Source data
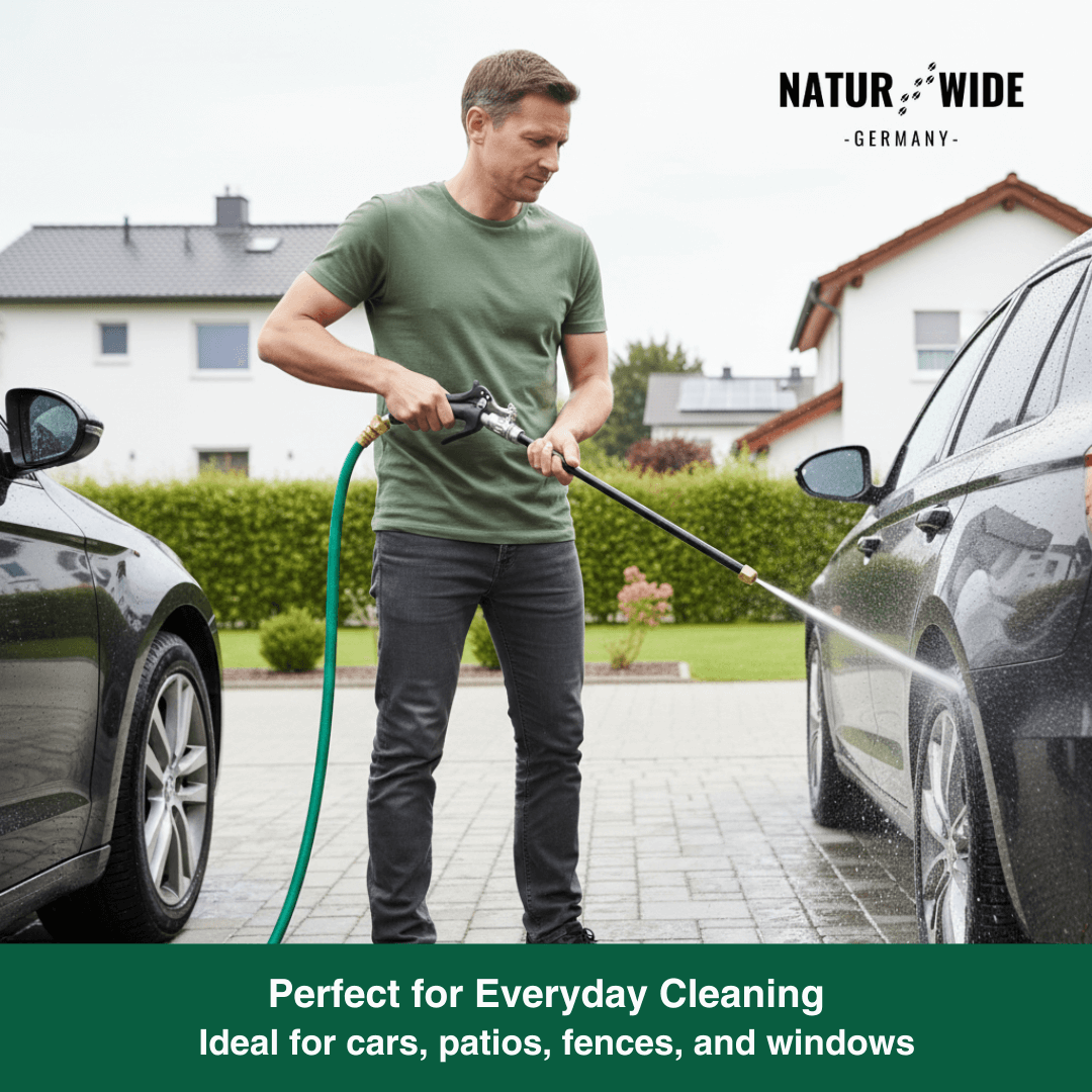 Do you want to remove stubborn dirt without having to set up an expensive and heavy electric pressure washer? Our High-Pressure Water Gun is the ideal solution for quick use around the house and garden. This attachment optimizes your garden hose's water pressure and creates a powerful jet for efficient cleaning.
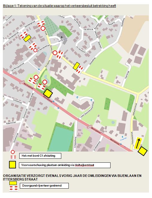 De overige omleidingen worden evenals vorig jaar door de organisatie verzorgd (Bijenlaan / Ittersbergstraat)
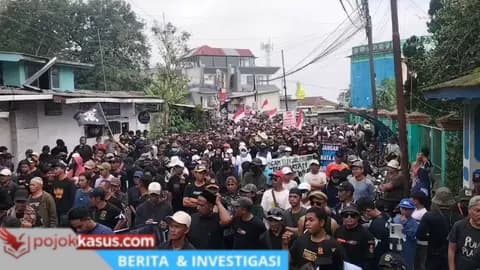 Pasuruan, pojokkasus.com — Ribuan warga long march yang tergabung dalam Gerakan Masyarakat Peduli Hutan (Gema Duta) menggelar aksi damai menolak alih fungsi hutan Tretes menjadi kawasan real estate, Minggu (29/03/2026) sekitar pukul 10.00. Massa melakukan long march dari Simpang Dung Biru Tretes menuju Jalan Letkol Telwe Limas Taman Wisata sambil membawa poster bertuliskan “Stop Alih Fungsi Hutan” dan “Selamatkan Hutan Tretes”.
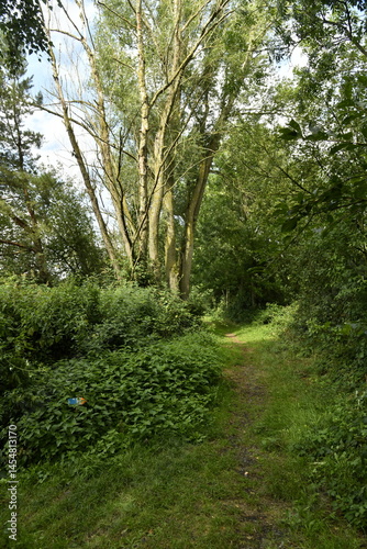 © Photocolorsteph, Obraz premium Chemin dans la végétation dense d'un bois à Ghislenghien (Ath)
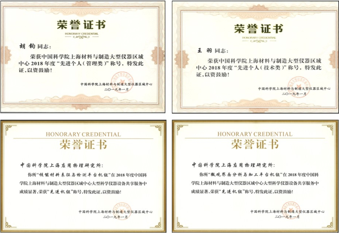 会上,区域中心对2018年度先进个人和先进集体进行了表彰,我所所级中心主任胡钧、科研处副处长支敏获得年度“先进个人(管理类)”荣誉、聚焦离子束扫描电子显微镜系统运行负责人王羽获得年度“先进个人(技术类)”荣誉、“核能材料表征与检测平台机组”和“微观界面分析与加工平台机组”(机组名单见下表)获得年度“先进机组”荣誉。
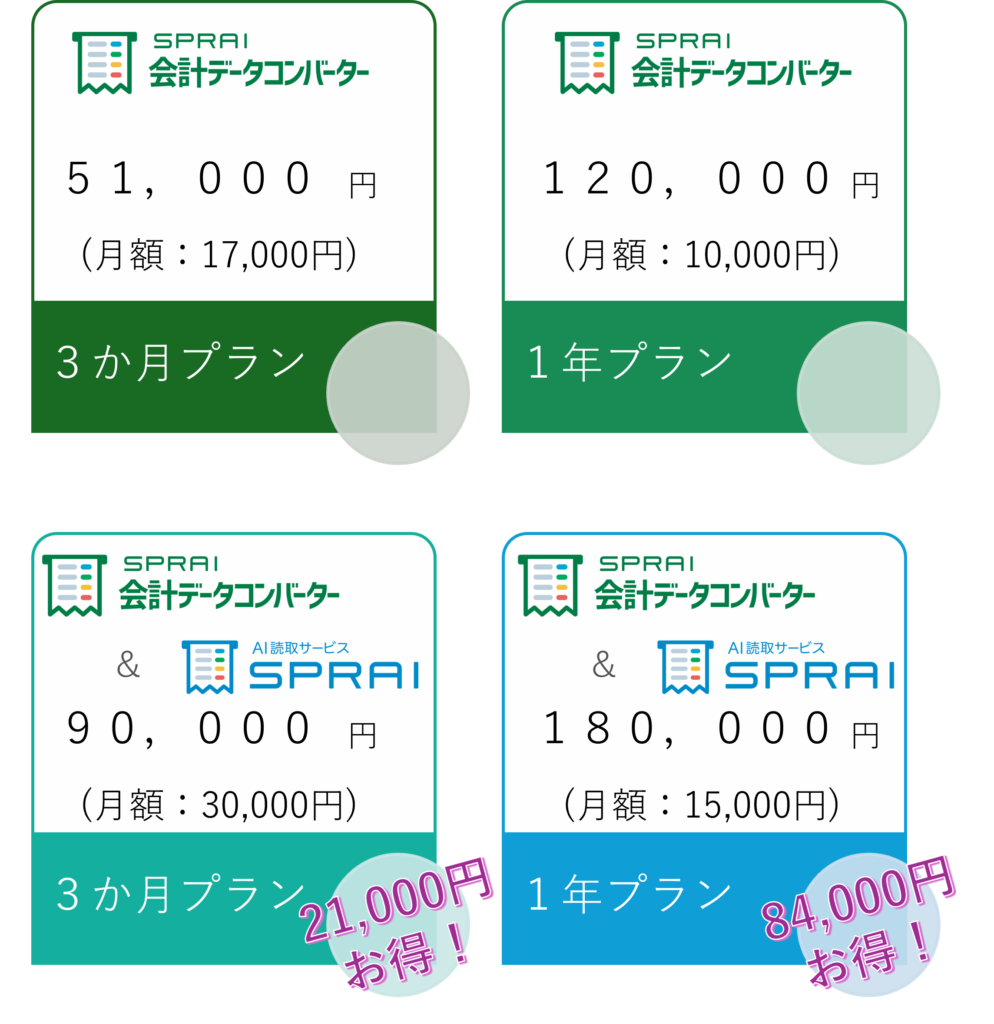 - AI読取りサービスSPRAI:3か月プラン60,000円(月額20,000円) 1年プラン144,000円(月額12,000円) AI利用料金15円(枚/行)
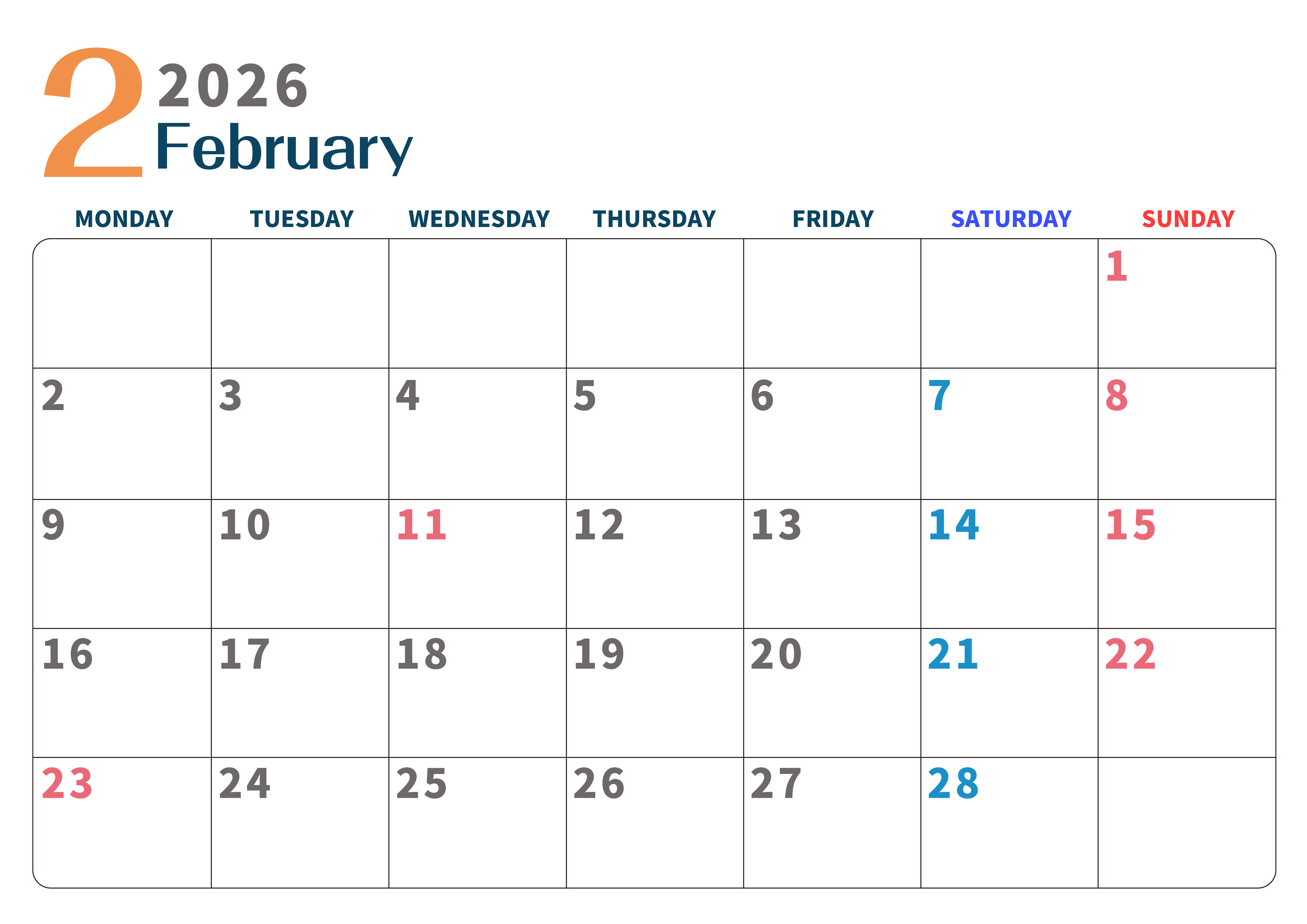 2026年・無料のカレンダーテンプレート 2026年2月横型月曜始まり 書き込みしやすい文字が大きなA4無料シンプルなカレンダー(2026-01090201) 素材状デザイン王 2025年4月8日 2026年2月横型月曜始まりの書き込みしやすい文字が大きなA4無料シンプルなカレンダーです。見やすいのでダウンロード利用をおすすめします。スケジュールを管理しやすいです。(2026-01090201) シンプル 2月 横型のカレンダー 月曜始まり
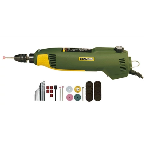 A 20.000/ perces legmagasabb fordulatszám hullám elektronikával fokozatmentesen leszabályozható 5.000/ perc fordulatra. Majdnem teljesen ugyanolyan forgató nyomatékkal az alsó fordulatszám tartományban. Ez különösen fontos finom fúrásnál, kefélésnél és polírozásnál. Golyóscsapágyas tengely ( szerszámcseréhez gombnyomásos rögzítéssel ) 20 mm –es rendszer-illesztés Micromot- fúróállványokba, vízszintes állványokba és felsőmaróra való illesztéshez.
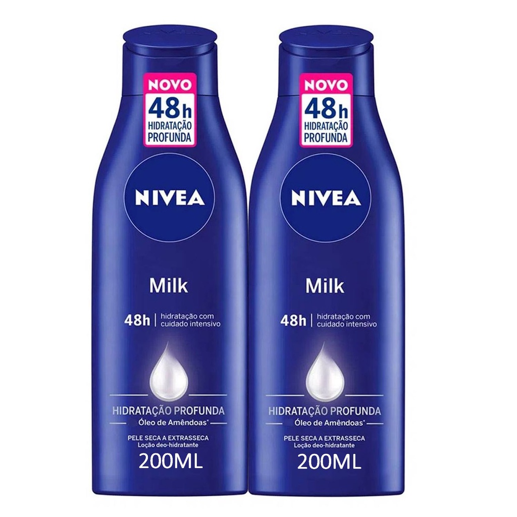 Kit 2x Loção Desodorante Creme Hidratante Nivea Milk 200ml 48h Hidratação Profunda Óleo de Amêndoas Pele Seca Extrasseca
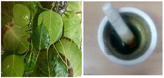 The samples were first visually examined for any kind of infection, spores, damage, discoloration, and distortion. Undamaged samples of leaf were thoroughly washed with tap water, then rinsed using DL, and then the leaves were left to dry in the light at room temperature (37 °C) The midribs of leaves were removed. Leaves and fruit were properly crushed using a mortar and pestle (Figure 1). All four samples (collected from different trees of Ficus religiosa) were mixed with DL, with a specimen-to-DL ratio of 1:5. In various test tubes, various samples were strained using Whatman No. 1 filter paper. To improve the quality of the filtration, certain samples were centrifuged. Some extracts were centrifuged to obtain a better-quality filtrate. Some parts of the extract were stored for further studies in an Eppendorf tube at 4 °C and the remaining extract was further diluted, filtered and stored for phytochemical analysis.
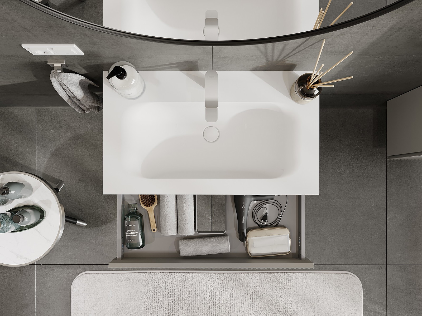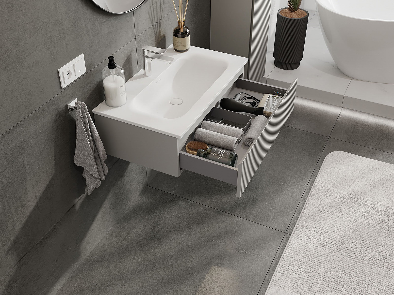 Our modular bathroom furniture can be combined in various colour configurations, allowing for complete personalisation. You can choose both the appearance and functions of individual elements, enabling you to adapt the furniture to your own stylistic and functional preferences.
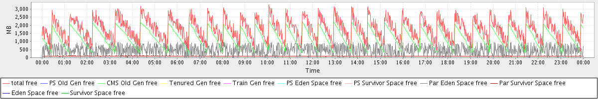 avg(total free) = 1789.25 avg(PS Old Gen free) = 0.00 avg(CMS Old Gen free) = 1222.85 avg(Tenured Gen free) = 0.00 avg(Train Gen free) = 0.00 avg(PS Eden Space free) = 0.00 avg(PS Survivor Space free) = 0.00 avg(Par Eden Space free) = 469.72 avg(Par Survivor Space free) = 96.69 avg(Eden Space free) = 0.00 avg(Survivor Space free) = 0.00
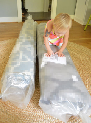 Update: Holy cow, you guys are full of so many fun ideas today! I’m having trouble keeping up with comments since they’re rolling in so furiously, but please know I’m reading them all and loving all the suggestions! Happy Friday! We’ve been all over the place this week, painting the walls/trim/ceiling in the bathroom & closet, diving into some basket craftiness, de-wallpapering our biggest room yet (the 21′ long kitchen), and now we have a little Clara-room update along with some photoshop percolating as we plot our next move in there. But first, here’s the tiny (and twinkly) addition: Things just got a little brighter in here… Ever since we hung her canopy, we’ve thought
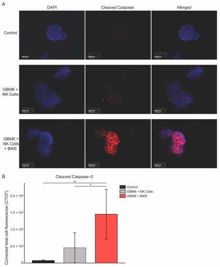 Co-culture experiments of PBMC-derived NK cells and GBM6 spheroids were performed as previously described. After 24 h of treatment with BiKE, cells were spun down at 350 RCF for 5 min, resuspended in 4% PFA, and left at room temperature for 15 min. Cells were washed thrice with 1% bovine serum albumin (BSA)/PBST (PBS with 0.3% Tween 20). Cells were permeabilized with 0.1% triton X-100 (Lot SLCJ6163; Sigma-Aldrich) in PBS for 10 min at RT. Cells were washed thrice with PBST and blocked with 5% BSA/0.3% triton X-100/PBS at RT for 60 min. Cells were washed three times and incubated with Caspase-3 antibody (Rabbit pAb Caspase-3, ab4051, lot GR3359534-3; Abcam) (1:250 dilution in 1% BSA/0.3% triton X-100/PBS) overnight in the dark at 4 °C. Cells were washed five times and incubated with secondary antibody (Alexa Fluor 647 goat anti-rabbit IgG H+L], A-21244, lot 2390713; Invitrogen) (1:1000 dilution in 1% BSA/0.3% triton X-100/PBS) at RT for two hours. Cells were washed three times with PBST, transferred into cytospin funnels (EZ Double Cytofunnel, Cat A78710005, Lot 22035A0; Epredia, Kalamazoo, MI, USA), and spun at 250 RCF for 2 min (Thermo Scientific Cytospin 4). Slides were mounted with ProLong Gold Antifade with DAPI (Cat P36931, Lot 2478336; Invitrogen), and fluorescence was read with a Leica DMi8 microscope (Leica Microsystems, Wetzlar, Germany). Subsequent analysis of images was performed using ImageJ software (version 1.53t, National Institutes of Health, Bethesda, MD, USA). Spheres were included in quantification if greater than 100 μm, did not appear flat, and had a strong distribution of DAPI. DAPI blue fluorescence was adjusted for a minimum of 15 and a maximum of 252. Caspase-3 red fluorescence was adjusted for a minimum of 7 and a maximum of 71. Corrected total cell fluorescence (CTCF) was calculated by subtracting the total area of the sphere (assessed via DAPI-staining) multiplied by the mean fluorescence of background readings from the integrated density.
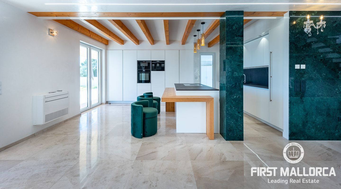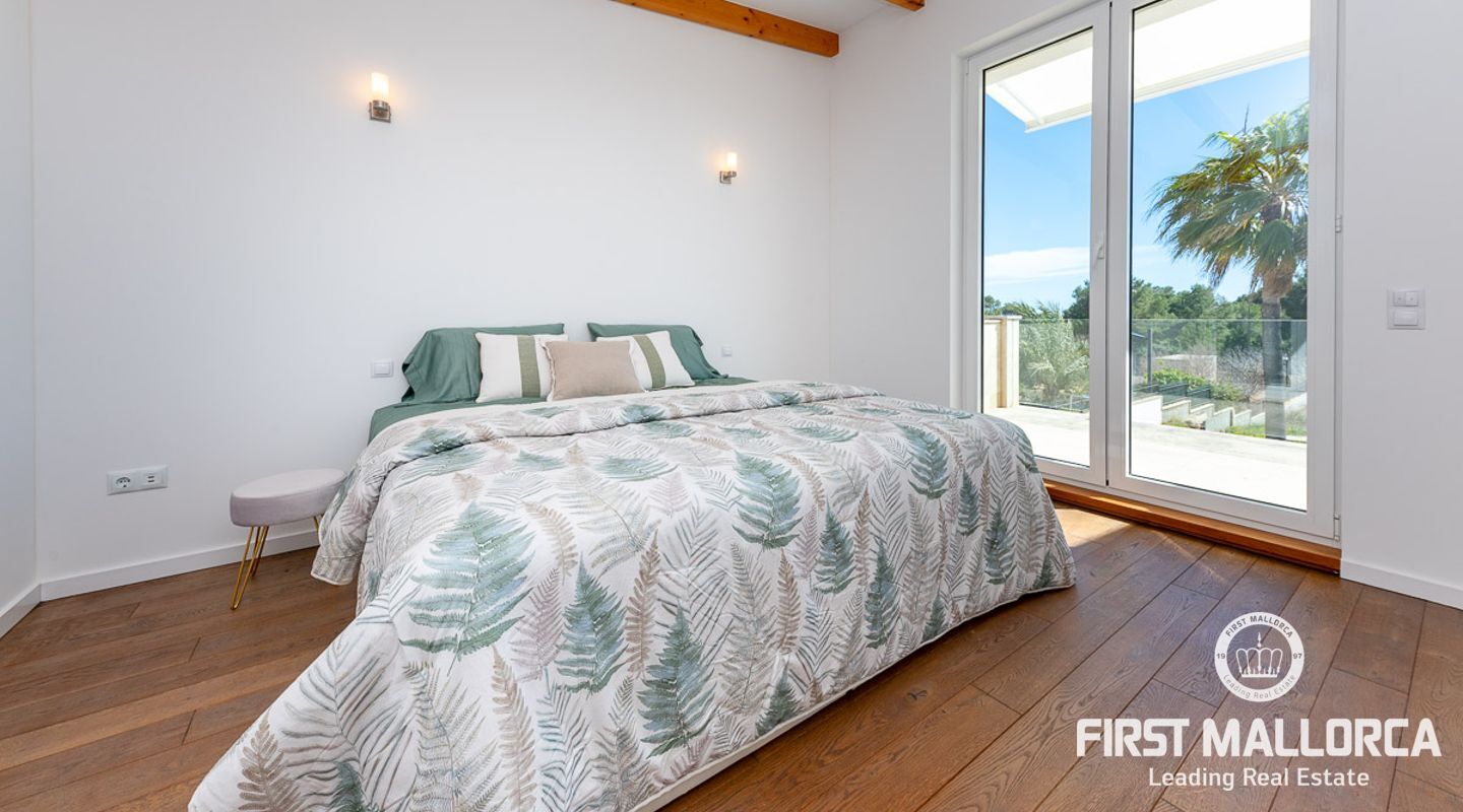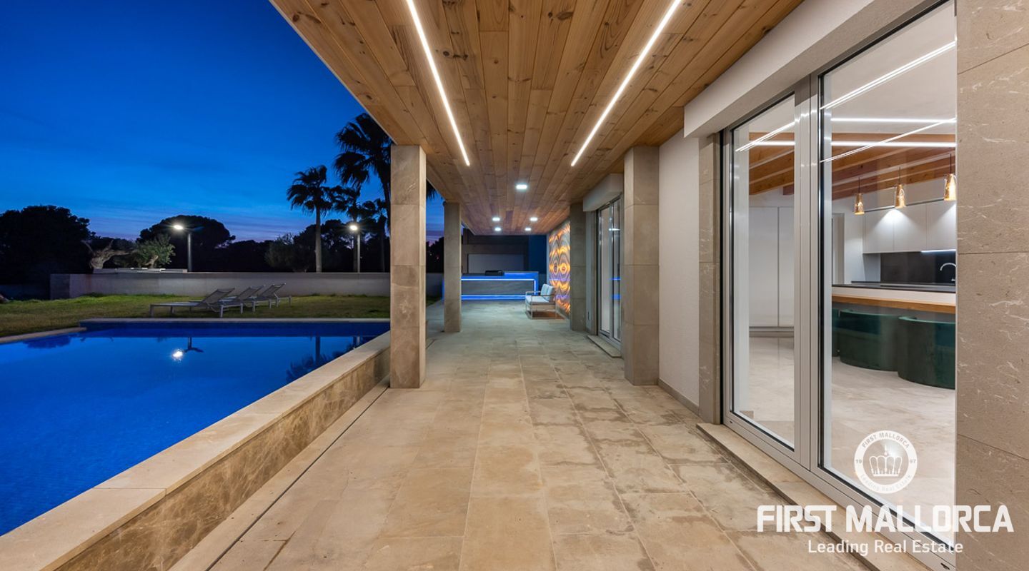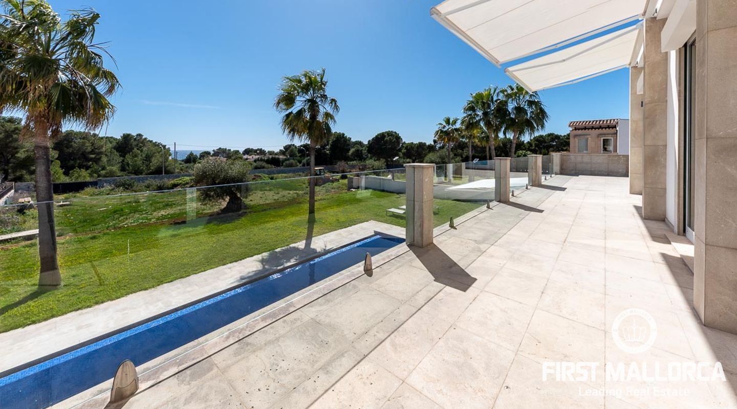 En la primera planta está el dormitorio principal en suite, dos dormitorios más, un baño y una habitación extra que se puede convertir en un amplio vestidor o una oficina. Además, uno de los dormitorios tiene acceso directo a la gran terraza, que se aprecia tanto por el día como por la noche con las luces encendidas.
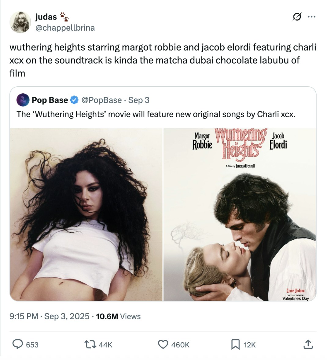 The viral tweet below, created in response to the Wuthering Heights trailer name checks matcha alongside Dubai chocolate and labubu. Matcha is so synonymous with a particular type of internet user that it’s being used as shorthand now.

● **Instructions to follow**:
Exactly the lines from the one holding "En la primera" through the last line of the entries must be set down, with nothing added and no pictures.

● **Expected output**:
 En la primera planta está el dormitorio principal en suite, dos dormitorios más, un baño y una habitación extra que se puede convertir en un amplio vestidor o una oficina. Además, uno de los dormitorios tiene acceso directo a la gran terraza, que se aprecia tanto por el día como por la noche con las luces encendidas.
 The viral tweet below, created in response to the Wuthering Heights trailer name checks matcha alongside Dubai chocolate and labubu. Matcha is so synonymous with a particular type of internet user that it’s being used as shorthand now.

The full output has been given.